• MATERIAL FOR THIS TASK:
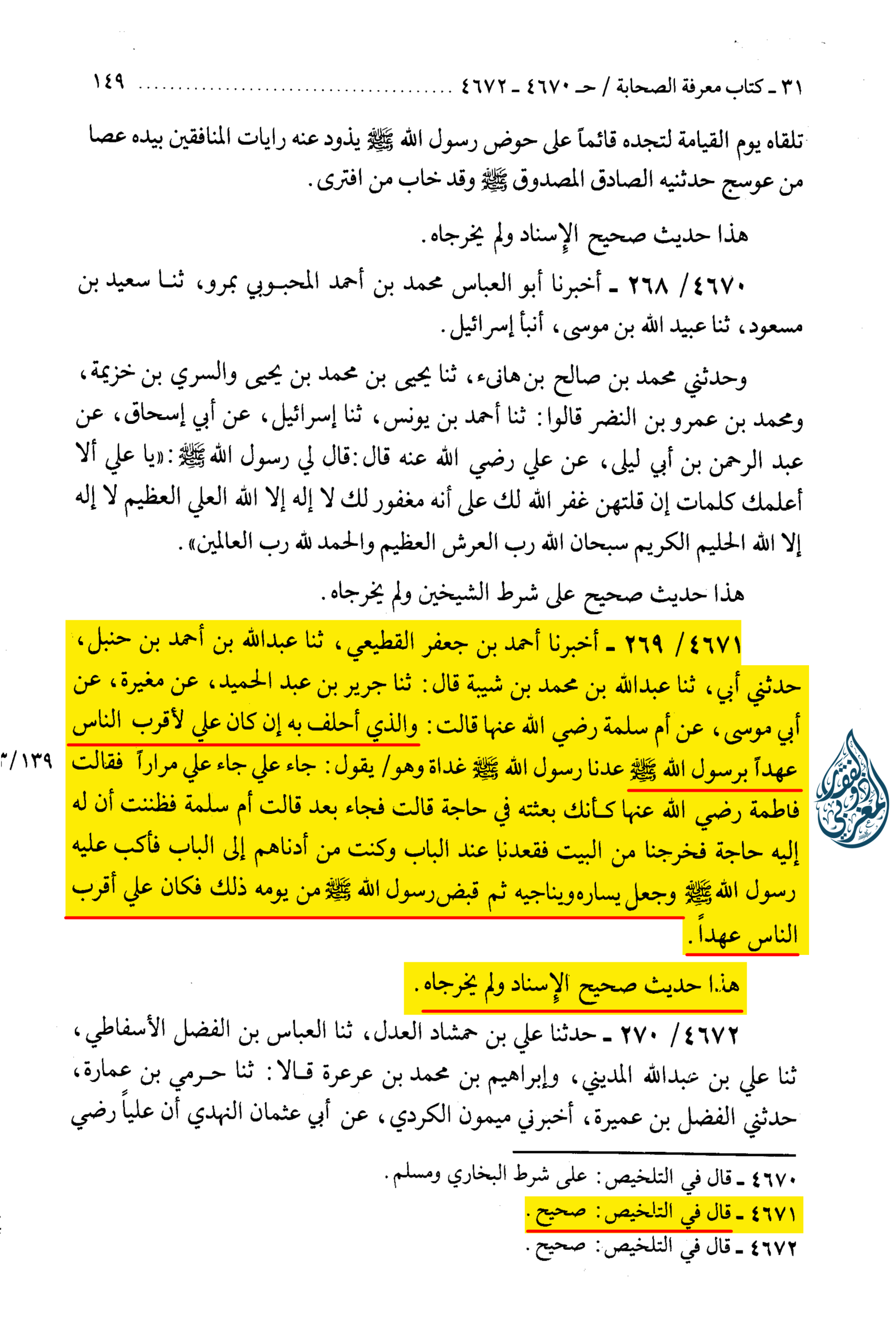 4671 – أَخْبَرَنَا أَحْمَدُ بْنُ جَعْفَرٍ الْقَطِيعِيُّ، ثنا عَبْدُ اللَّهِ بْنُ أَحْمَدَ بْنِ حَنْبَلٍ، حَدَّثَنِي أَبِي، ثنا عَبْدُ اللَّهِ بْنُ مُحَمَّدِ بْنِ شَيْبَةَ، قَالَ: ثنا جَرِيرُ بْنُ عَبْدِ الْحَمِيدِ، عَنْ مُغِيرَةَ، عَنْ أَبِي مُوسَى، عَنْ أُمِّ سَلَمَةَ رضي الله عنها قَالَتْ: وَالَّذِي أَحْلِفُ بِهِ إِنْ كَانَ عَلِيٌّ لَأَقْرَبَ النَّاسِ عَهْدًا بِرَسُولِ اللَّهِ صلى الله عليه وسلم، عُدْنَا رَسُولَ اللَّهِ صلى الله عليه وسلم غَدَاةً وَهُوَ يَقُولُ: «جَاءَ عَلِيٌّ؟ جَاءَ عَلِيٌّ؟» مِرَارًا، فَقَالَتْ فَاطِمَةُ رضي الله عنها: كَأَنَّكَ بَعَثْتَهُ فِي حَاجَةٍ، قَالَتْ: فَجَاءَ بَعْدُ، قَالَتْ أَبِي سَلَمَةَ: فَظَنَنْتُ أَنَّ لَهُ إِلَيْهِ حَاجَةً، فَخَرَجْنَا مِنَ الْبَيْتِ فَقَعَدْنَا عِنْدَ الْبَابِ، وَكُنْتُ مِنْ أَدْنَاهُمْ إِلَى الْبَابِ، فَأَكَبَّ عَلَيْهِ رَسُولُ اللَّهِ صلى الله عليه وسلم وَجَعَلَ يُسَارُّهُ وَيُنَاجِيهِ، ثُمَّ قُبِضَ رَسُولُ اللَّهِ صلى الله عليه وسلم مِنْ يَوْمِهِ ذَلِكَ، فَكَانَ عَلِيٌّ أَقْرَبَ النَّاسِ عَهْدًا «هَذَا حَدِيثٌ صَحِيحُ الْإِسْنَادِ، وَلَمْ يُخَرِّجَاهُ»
--
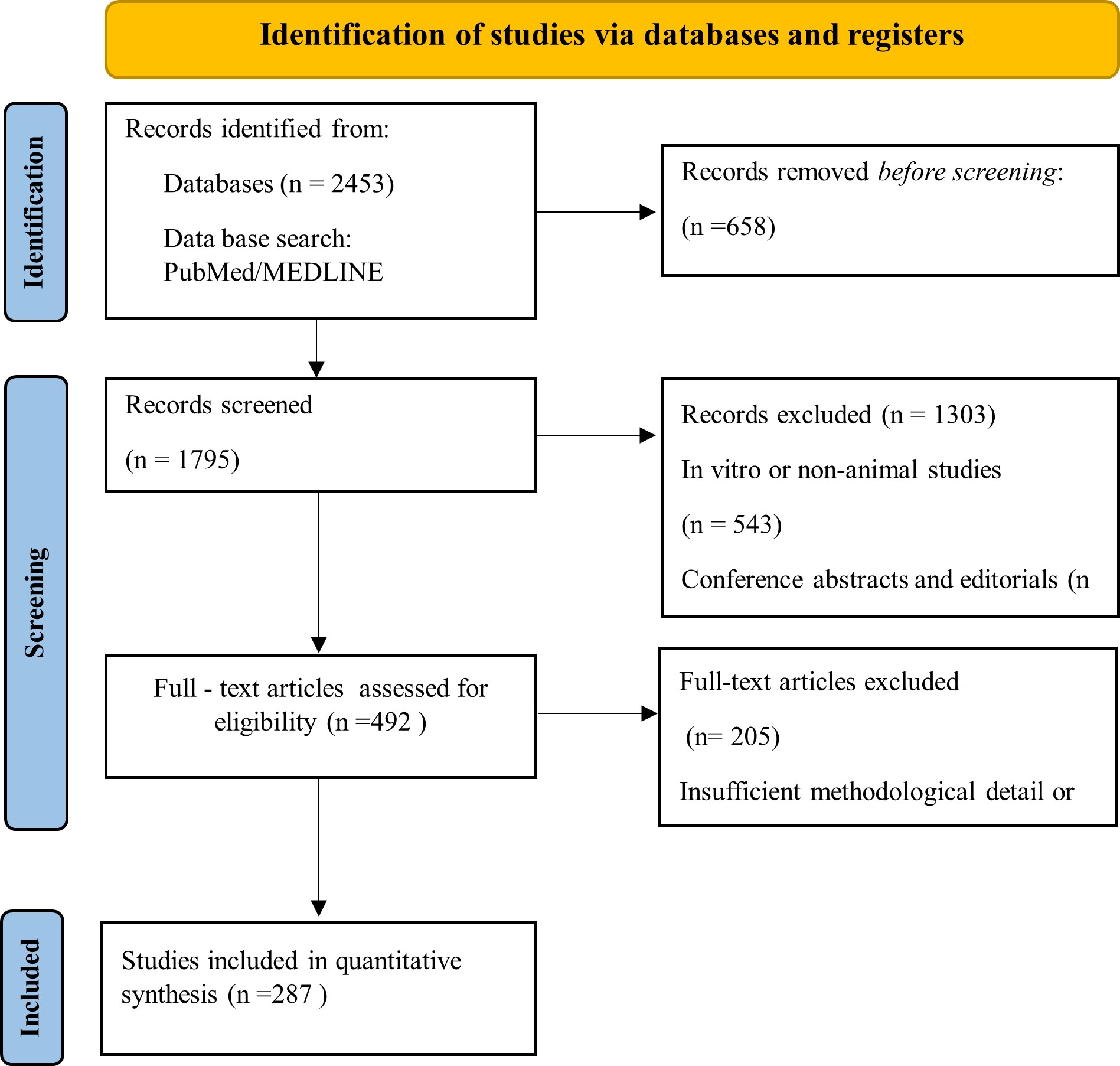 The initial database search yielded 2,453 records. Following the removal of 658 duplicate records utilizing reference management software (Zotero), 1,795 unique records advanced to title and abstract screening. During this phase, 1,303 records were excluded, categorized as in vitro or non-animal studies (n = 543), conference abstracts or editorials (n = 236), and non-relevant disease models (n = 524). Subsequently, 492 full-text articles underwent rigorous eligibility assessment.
==
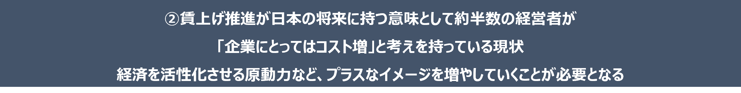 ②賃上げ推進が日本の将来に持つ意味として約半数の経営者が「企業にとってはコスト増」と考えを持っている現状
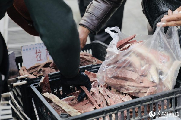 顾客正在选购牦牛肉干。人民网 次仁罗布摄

• THE PROBLEM: After locating the line containing "②賃上げ推進が日本の将来に持" in the entries above, return it and every line after it exactly, ending at the line containing "顾客正在选购牦牛肉干。人民网 次仁罗布摄", without pictures.

• RESPONSE TO THE EXERCISE:
 ②賃上げ推進が日本の将来に持つ意味として約半数の経営者が「企業にとってはコスト増」と考えを持っている現状
 顾客正在选购牦牛肉干。人民网 次仁罗布摄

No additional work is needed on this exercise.